Par Camel B.
L’histoire de ce WE nantais commence en fait il y quelques mois, lors du marathon d’automne à Anvers… Les participant(e)s se souviennent peut être de mon débrief du WE, à savoir au petit rituel des deux questions posées par Philippe :
1) qu’avez-vous pensé du WE ;
2) qu’avez-vous pensé de votre course ?
Réponses :
1) Anvers ? Très belle ville avec une architecture particulière, ambiance du groupe sympa, WE agréable…
2) Ma course ? Anvers est une très belle ville avec une architecture particulière, ambiance du public sympa, WE agréable…
Maintenant, les aveux (secret de polichinelle…) : je n’ai pas été déçu mais vexé de devoir passer par manque de préparation du marathon au semi, et même sur cette distance, j’ai pris un mur dans la figure…
Etat des lieux fait, OK ! On tourne la page et on avance…
Il me fallait ainsi une nouvelle échéance trouvée sur ce marathon de Nantes. C’était à la base l’occasion de revoir des amis de Vendée sur un WE printanier… Finalement, il devenait « Ze » objectif de ma saison !

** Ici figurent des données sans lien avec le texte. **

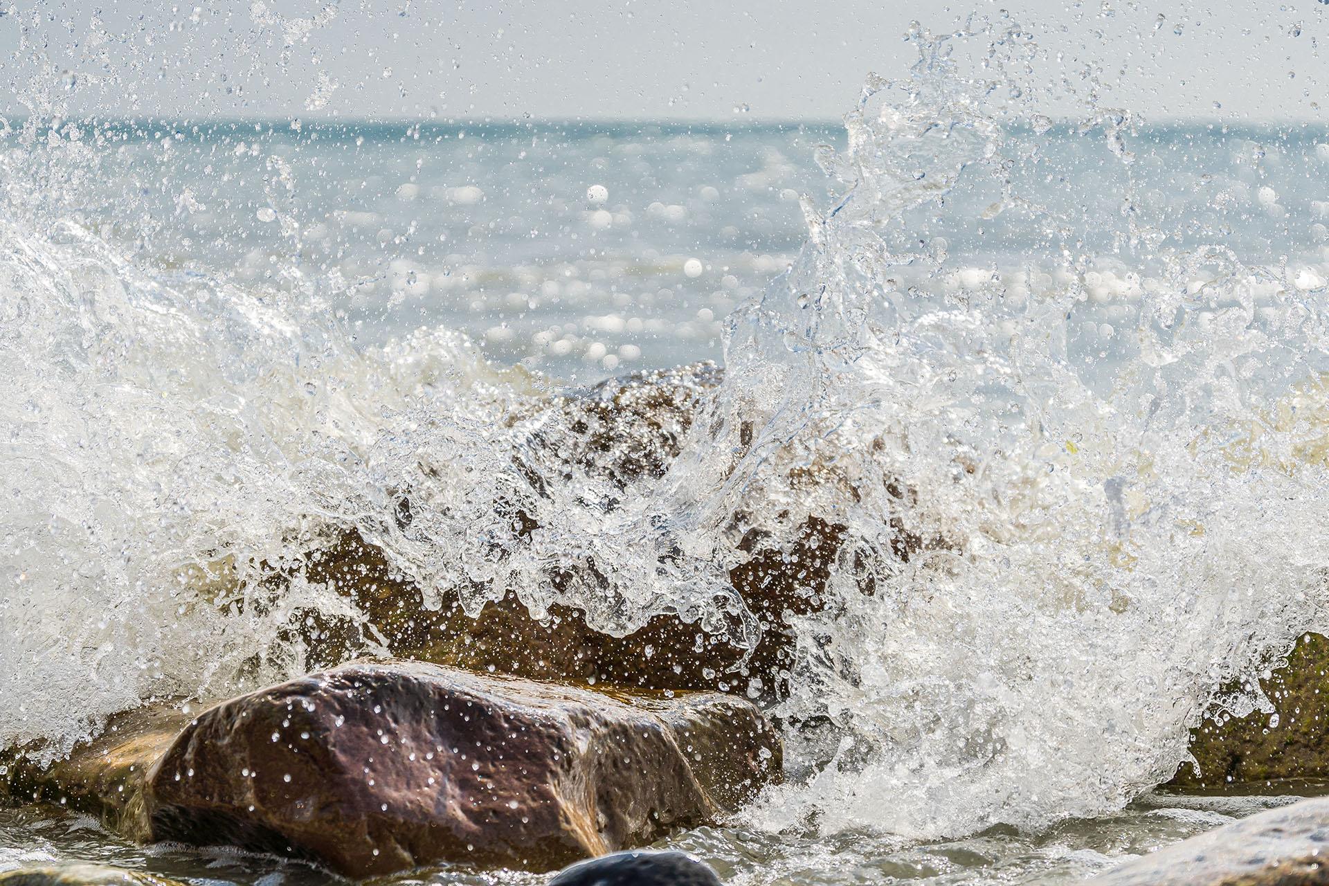 Strand, Stein, Findling, Welle, Splash, Spritzer, Wellenspritzer, Ostsee
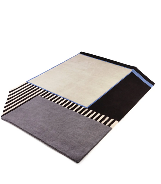 Modern Abstract Rug | Hand-Tufted Wool Carpet | Blue Irregular Shaped Rug for Living Room
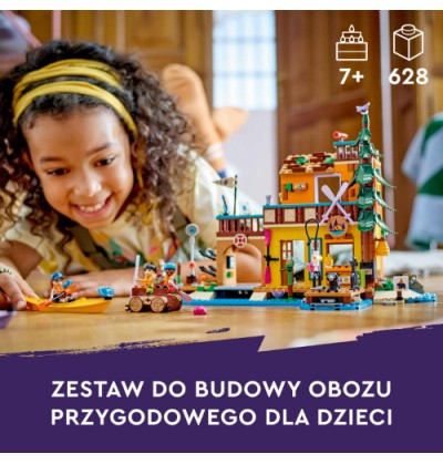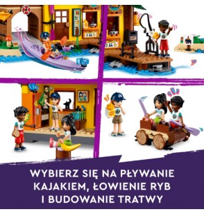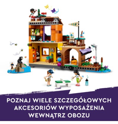 Ten zestaw LEGO Friends jest pełen akcesoriów umożliwiających opowiadanie historii. W obozie kempingowym jest sprzęt do wypożyczenia, lodówka z przekąskami, prysznic, apteczka, trofea i wiele innych elementów. Po dniu pełnym wrażeń pr zyjaciele mogą zrelaksować się w strefie spotkań lub zagrać w tenisa stołowego.
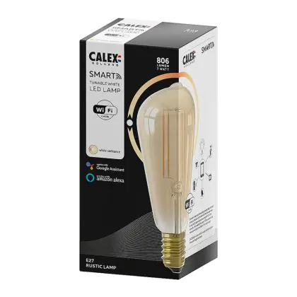 Description Calex Smart Tuya Wifi E27 Edison Filament7W 806lm - 818-830 Accordable Blanc | Dimmable - Remplacement 60W
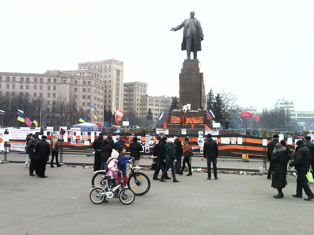 Харьков.Снимки мои, сегодня из-под под памятника ленину. Под ним лагерь защитников. По диалогам:- Одни в россию хотят причем с землей, другие чтоб русский язык не трогали,третьи против бендеровцев( кто такие? не знаю), четвертые видно,что побухать пришли.
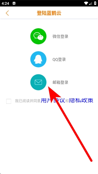 3、在登陆蓝鹤云页,点击邮箱登录,进入登录页面。
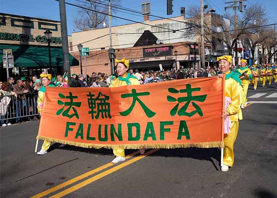 三月一日、七日和八日,纽约法轮功腰鼓队连续应邀参加了美国东部三个地区的圣派翠克节游行,所到之处受到当地民众的热烈欢迎。
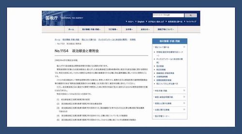 国税庁HPのタックスアンサー。「政治献金と寄附金」はNo.1154で説明されている
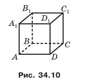 Дано куб ABCDA1 B1 C1 D1 (рис. 34.10). Назвіть грані куба, до яких перпендикулярна пряма: 1) AA1 ; 2) AD

1) Alors Nantes est une très belle ville avec une architecture particulière (pour la partie datant de l’époque coloniale), l’ambiance avec les potes était sympa, WE agréable…
Quant à la course, levons le suspense, c’était une déception, loin du RP, très loin des espoirs nés d’une longue préparation. Et c’est certainement la grosse différence avec Anvers justement car c’est une même salle, mais deux ambiances…

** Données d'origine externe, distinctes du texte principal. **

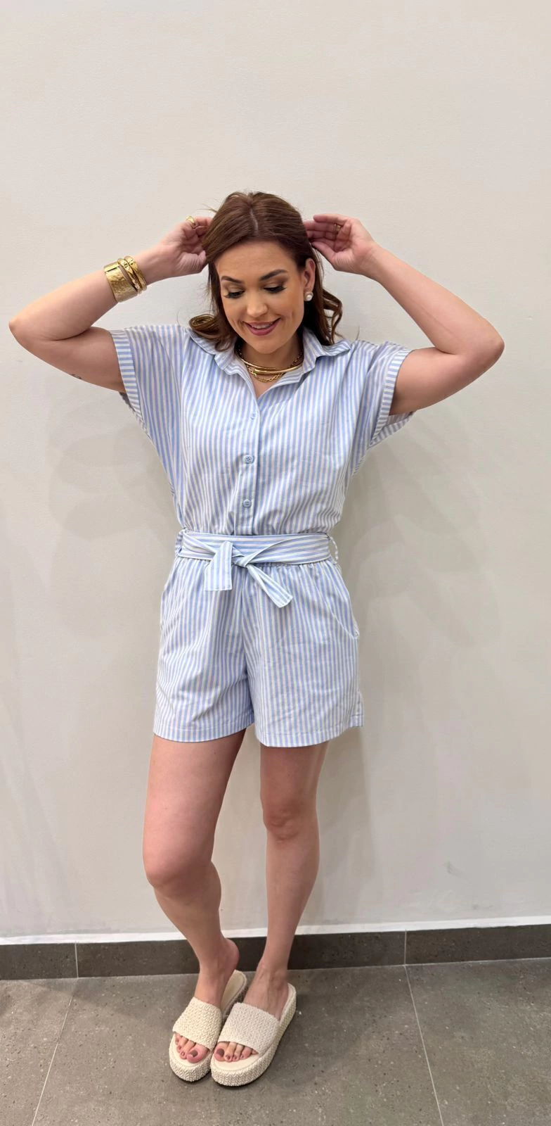 O Conjunto Priscila é leve, fresquinho e superversátil. A camisa listrada azul-claro com branco possui gola de camisa, abotoamento frontal e mangas soltinhas estilo kimono. A faixa na cintura permite ajustar o caimento com conforto. O short coordenado tem cós com passantes, bolsos laterais funcionais e comprimento elegante para o dia a dia.
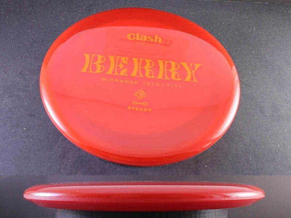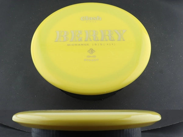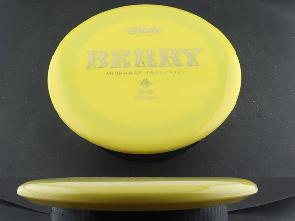 The Berry is a straight flying, all-purpose, midrange that holds a line. This disc provides a comfortable and controllable grip. Thrown flat, the Berry will exhibit a nice and glidey flight with a little turn and an equal amount of fade, giving you a very straight-flying disc. The disc is designed to be your go-to disc, capable of holding any line that you need it to hold.
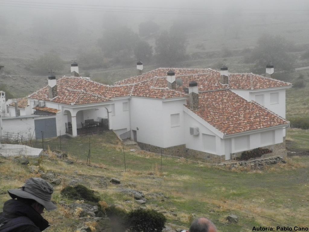 Sobre las 12’00 ya estamos encaramados en la ondulada cuerda pedregosa del macizo, donde abundan las simas y dolinas. Ana, mientas asegura con vehemencia que “navegamos” por el Mar de Tetis, trata de trazar un itinerario que nos permita avanzar en dirección norte- noreste. La niebla, sin embargo, dificulta incluso vislumbrar apenas los profundos barrancos que se van abriendo a derecha e izquierda, donde asoman, como fantasmales testigos, algunas encinas y solitarios arces. Hacia las 13’00, cuando ya hemos recorrido el primer tercio de la cuerda, una fina lluvia obliga a abrir los paragüas, y como consecuencia, Ana decide abandonar la cima e iniciar la vuelta, dado que nos “han birlado” las preciosas vistas que esperábamos comtemplar desde esta privilegiada atalaya. Tras la pertinente consulta al mapa, iniciamos un nuevo rumbo, que Ferrán controla con la brújula, de sentido inverso al anterior( ahora sur- sureste). Descendemos ¡muy ufanos! en línea “recta” por el intricado bosque de pinos y encinas por el que transitamos, hasta que ¡estábamos advertidos! Una alambrada de espino se interpone en nuestro camino. Como por inercia, y ¡algo atribulados! Vamos descendiendo junto al vallado, pero, algo cansados, nos hacemos permeables a los ruegos de Ramón, concediéndole el merecido alto para comer, que,¡ la verdad! todos deseábamos. La lluvia nos otorga una tregua,y el almuerzo trancurre distendido disfrutando con exquisiteces gastronómicas tales como carne de membrillo casera, quesos artesanos o salchichón de ciervo... entre tientos ¡ y más tientos! a la bota salvífica. Para los “postres”, surtido navideño de bombones, turrones y chocolates ¡suizos! ya hemos recuperado el humor y las fuerzas para reemprender la marcha. Seguimos,y diez minutos más tarde, como un milagroso holograma aparece la puerta que buscábamos, que cruzamos raudos,entrando en un encinar aclarado,que desciende hacia el Cortijo de las Ánimas, que se bosqueja, entre las brumas, en el fondo del valle.

Même salle car le même mur… enfin presque : en courant pourtant en dessous de l’allure initialement prévue (en sous régime par sécurité), je n’ai pas pris celui du KM38 tant redouté… Non… dès le km24, j’ai reçu les briques dans la figure. Et tous les km, un parpaing de plus dans la tronche…
J’imagine que le dénivelé que je n’avais pas anticipé (450m, erreur de débutant, je n’avais pas fait attention à l’inscription) conjugué avec un beau soleil pour bronzer (mais qui chauffe bien …) et une fin de cycle de travail ternie par une légère blessure m’ont cassé les jambes comme on dit dans le jargon… cassé le bassin aussi… et les bras… et la tête… avec probablement le moral, autant dire que l’expérience est nécessaire sur cette distance et qu’il m’en manque encore certainement…

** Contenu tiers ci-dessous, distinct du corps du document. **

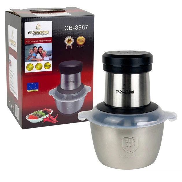 Подрібнювач кухонний Crownberg СВ-8987 2л Метал Блендер для кухни із чашею чоппер для м'яса овочів кухонний комбайн LF227
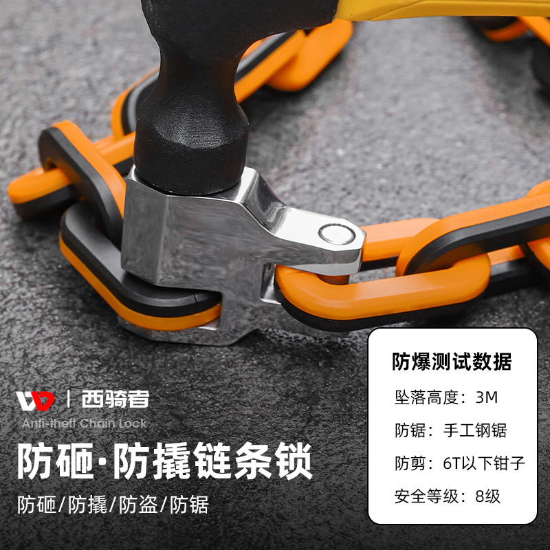 西骑者自行车链条锁电动车防盗锁便携合金锁山地单车钥匙锁配件
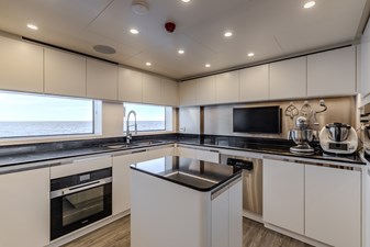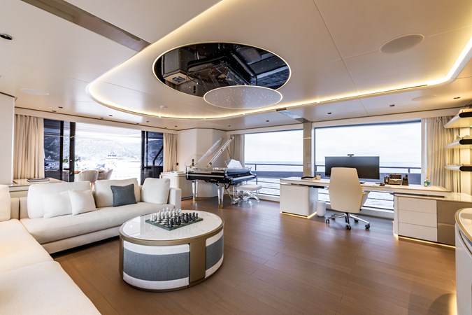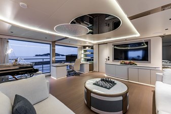Her interior is light, contemporary and highly functional, with floor-to-ceiling windows which fill the interior with natural light. Social areas are designed for both private ownership and charter operation, with natural guest flow and discreet service routes supporting efficient crew operation.
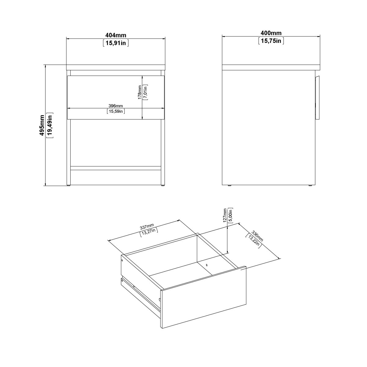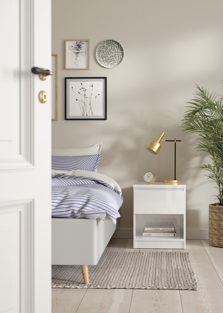 TVILUM Delta sängbord - vit/egstruktur, med 1 låda
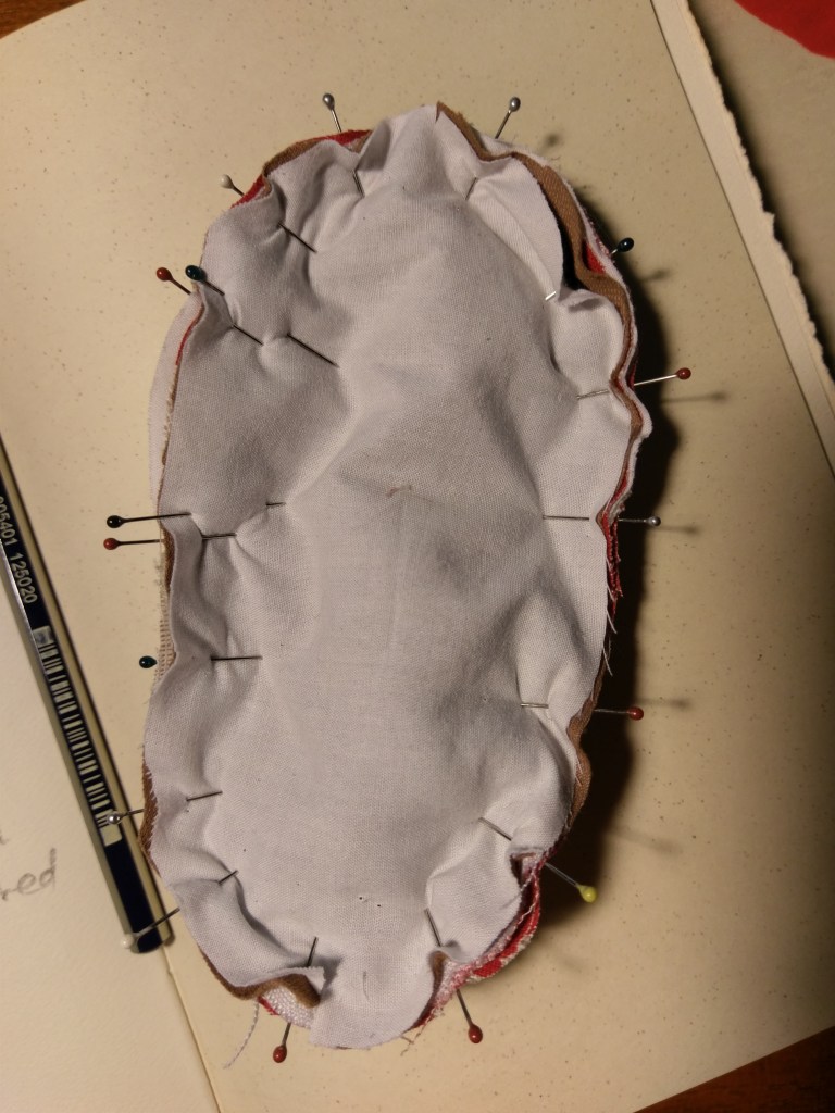 The pattern calls for iron on interfacing. Well, some parts of the upcycled frock already had this feature, so I left it intact and turned it to advantage. For the rest, the scrap stack (offcuts so small they are filed in a pile–too small to fold up!) provided sections of sheet most of which had been turned into hankies and napkins, and tiny offcuts of a linen shirt that has met its next incarnation. The soles? From a dead pair of tracksuit pants, and some offcuts of fabric recently passed on from a friend, from her Mum’s stash. And as for fusible batting? The tracksuit pants provide again!

Toujours est-il que la fin a été dure, très dure, très très dure mais la vision du ballet des ambulances et des nombreux coureurs déshydratés allongés sur le bas côté en PLS (et ce n’est pas qu’une expression…) a largement contribué à me faire changer d’ambiance…
Deux ambiances donc car entre Anvers et Nantes, contrairement à la frustration du premier, un grand plaisir cette fois-ci à finir debout, et surtout, surtout, la plus grande satisfaction est d’avoir mis ces fameux moyens pour y parvenir : la préparation cette fois-ci a été sérieuse, avec son lot de haut et de bas. Les ressentis tout au long de ces 23 semaines précédentes (je m’impressionne tout seul) m’ont fait redécouvrir le plaisir de l’effort pour un objectif sur le long terme, le sentiment de « manque » après un jour sans courir (les toxicos des baskets comprendront), la satisfaction de voir au fur et à mesure des semaines un kilométrage augmenter et un « kilogrammage » diminuer, des temps en séance et en test encourageants.
C’est peut être le message essentiel, quel que soit le niveau, se donner les moyens est essentiel mais parfois, le résultat escompté le jour J n’est pas à la hauteur de l’investissement. C’est le jeu, c’est le sport. Alors perso, aucun regret ce coup-ci, le job a été fait en amont, l’essentiel est ailleurs, et j’en sors avec le souvenir d’un très bon WE et un peu plus d’expérience…
Etat des lieux fait, OK ! On tourne la page et on avance…
Tellement vrai ce que tu dis … Merci Camel pour ce partage !!